For this exercise, retype all the data exactly and exclude every image.

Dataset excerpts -

------

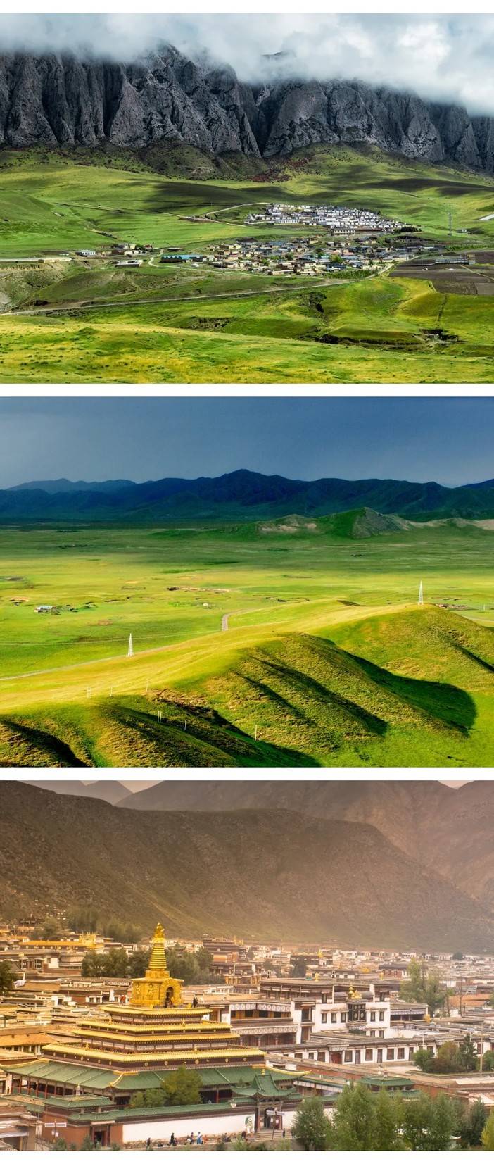 15 : 30适时路过娘玛寺,下车参观【世界第一大转经筒】,娘玛寺的转经筒,如一座金色山峰矗立于阿万仓草原。42米高的筒身用60公斤黄金贴就,尼泊尔工匠手工锻造的佛像与经文在阳光下熠熠生辉。它是世界最大的转经筒,每一圈转动,都承载着11万册经文的加持与祈福,我们也可以上前转经祈福。18 : 00适时前往【格尔底寺】,位于四川和甘肃交接的郎木寺镇,是中外驰名的背包客圣地;这里也是之前进藏的必经之地,白龙江将小镇一分为二,甘肃寺的金顶与四川寺的佛殿隔江相望,我们前往的是四川寺进行参观哦~
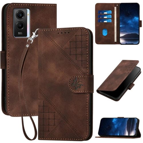 Funda de Cuero con Tapa y Cordón para Vivo Y75 5G Global Yx0080 con Diseño En Relieve de Mariposa y Cuadrícula (Café)
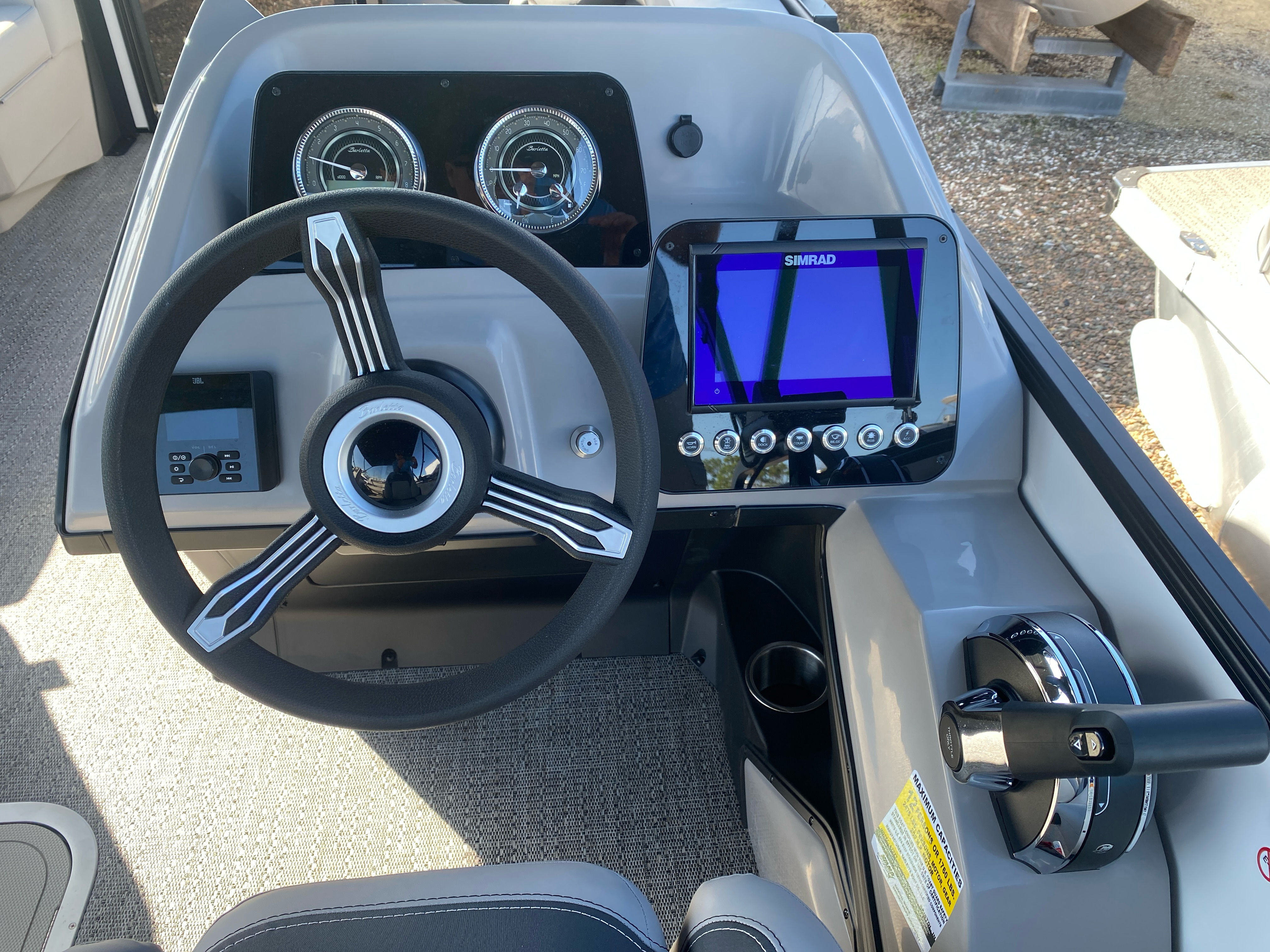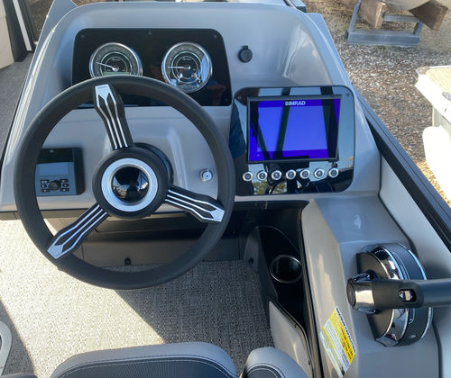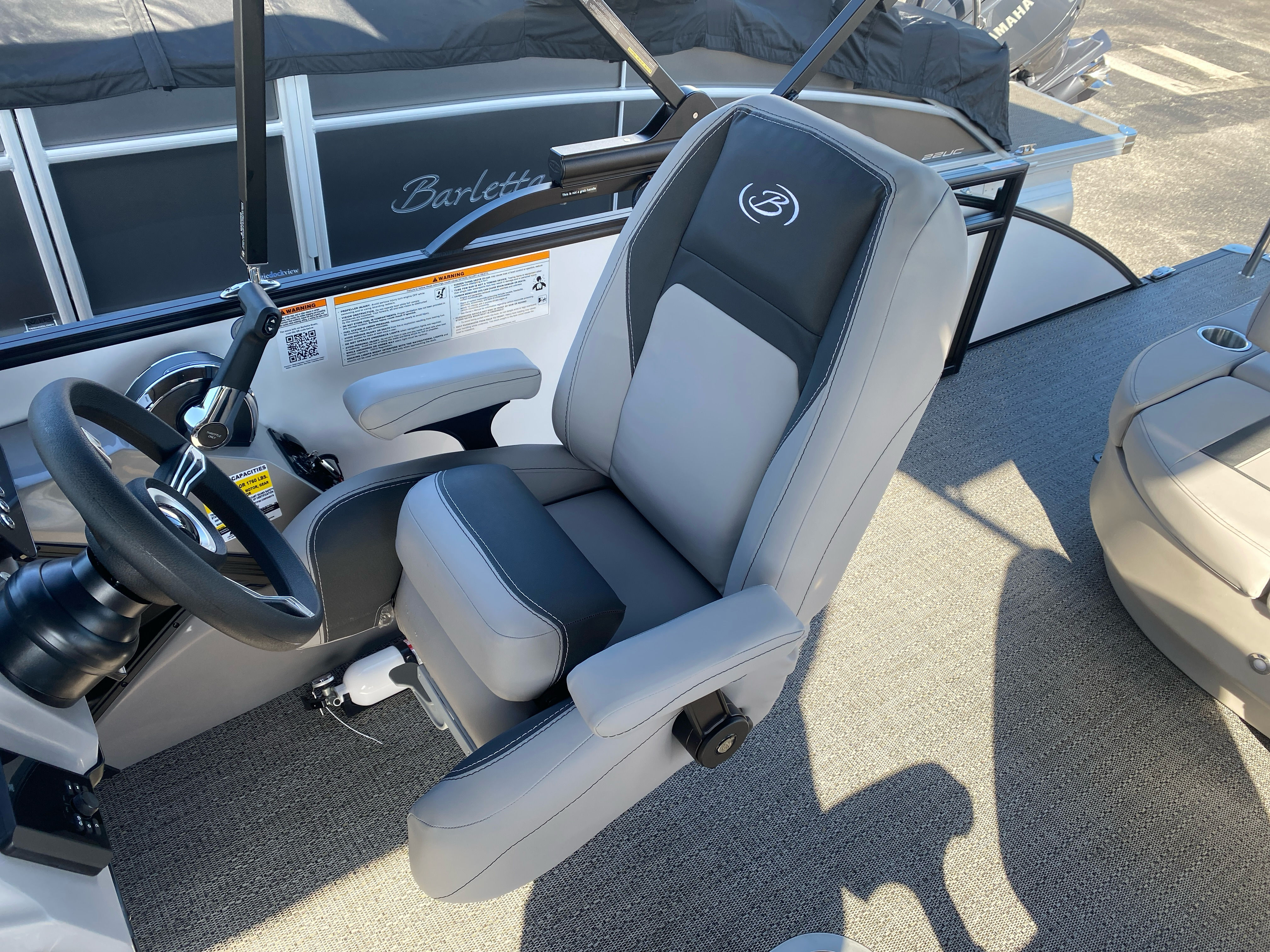 The Barletta Aria A22UC-Platinum is packed with special features that set it apart from other pontoon boats for sale. The Amore Gray flooring adds a touch of elegance and durability, creating a welcoming atmosphere for guests. The Canvas Double Bimini, including an additional Power Bimini, provides versatile shade options, allowing you to enjoy sunny days or seek shelter from unexpected weather. The exterior is enhanced by a Stainless Steel Flag Pole with an American Flag, showcasing your patriotic spirit as you cruise.Inside, the Tempest Gray furniture offers plush seating and modern aesthetics, while the Blackout Package Aria railskin delivers a sleek, contemporary look. The In Floor Midship Storage (available with the Triple Toon configuration) provides convenient space for stowing gear, water toys, and personal items, keeping the deck clutter-free. The Coastal Edition Aria ensures this pontoon is ready for a variety of environments, from freshwater lakes to saltwater bays. The On Board Charger Aria adds practicality for longer outings, and the Interior RGB Lighting Package Aria creates a customizable ambiance for evening gatherings and celebrations.
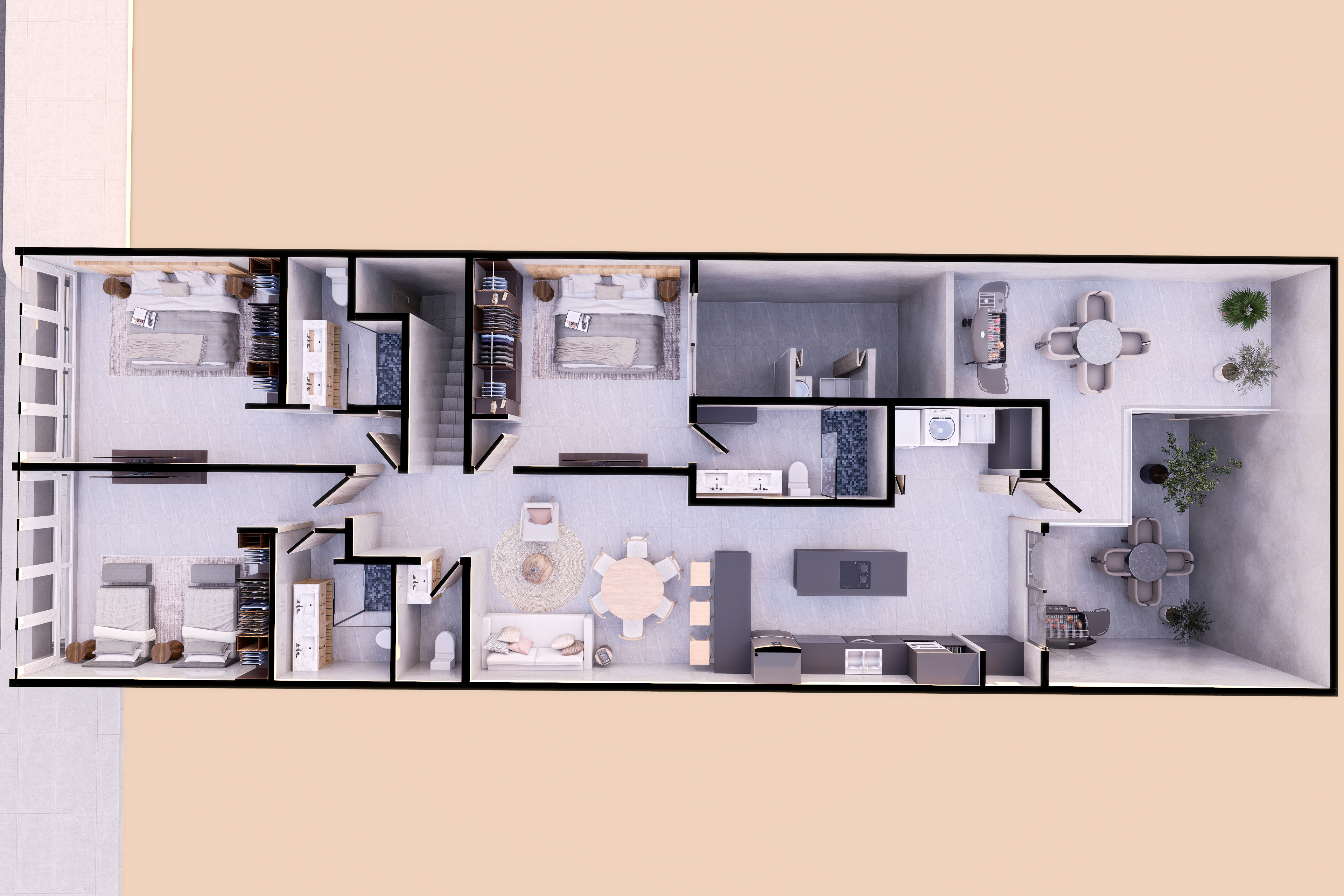 • Terraza, patio de servicio y área de lavado
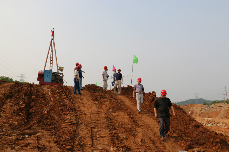 马鞍山大金山滑坡地质灾害治理工程位于马鞍山市银塘镇西北角,江东大道延长段处。该段曾发生滑坡灾害,滑坡面积约为6000m2。施工期间,队领导和队安全部门多次莅临指导。在中秋节当天由于受台风“鲇鱼”影响,马鞍山气象台预报将有暴雨,三公司经理汪忠斌同志及副经理刘可愚亲自来到施工现场,察看滑坡体不稳定迹象及安全?;ご胧?,确保发生危险早发现、早转移,确保现场人员生命财产安全。由于本次施工桩的设计位置在山坡上,施工平台搭设难度高、风险大、进出道路不方便等原因,造成进度不易保证,项目部根据现场情况,克服困难,目前已完成钻孔灌注桩19根及部分排水沟工程。
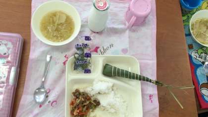 今日の給食では、「ちらしずし」「ちまき」が出ました。おいしくいただきました。給食室前の掲示板も、こどもの日の飾り付けです。

------

Exercise response -
 15 : 30适时路过娘玛寺,下车参观【世界第一大转经筒】,娘玛寺的转经筒,如一座金色山峰矗立于阿万仓草原。42米高的筒身用60公斤黄金贴就,尼泊尔工匠手工锻造的佛像与经文在阳光下熠熠生辉。它是世界最大的转经筒,每一圈转动,都承载着11万册经文的加持与祈福,我们也可以上前转经祈福。18 : 00适时前往【格尔底寺】,位于四川和甘肃交接的郎木寺镇,是中外驰名的背包客圣地;这里也是之前进藏的必经之地,白龙江将小镇一分为二,甘肃寺的金顶与四川寺的佛殿隔江相望,我们前往的是四川寺进行参观哦~
 Funda de Cuero con Tapa y Cordón para Vivo Y75 5G Global Yx0080 con Diseño En Relieve de Mariposa y Cuadrícula (Café)
 The Barletta Aria A22UC-Platinum is packed with special features that set it apart from other pontoon boats for sale. The Amore Gray flooring adds a touch of elegance and durability, creating a welcoming atmosphere for guests. The Canvas Double Bimini, including an additional Power Bimini, provides versatile shade options, allowing you to enjoy sunny days or seek shelter from unexpected weather. The exterior is enhanced by a Stainless Steel Flag Pole with an American Flag, showcasing your patriotic spirit as you cruise.Inside, the Tempest Gray furniture offers plush seating and modern aesthetics, while the Blackout Package Aria railskin delivers a sleek, contemporary look. The In Floor Midship Storage (available with the Triple Toon configuration) provides convenient space for stowing gear, water toys, and personal items, keeping the deck clutter-free. The Coastal Edition Aria ensures this pontoon is ready for a variety of environments, from freshwater lakes to saltwater bays. The On Board Charger Aria adds practicality for longer outings, and the Interior RGB Lighting Package Aria creates a customizable ambiance for evening gatherings and celebrations.
 • Terraza, patio de servicio y área de lavado
 马鞍山大金山滑坡地质灾害治理工程位于马鞍山市银塘镇西北角,江东大道延长段处。该段曾发生滑坡灾害,滑坡面积约为6000m2。施工期间,队领导和队安全部门多次莅临指导。在中秋节当天由于受台风“鲇鱼”影响,马鞍山气象台预报将有暴雨,三公司经理汪忠斌同志及副经理刘可愚亲自来到施工现场,察看滑坡体不稳定迹象及安全?;ご胧?,确保发生危险早发现、早转移,确保现场人员生命财产安全。由于本次施工桩的设计位置在山坡上,施工平台搭设难度高、风险大、进出道路不方便等原因,造成进度不易保证,项目部根据现场情况,克服困难,目前已完成钻孔灌注桩19根及部分排水沟工程。
 今日の給食では、「ちらしずし」「ちまき」が出ました。おいしくいただきました。給食室前の掲示板も、こどもの日の飾り付けです。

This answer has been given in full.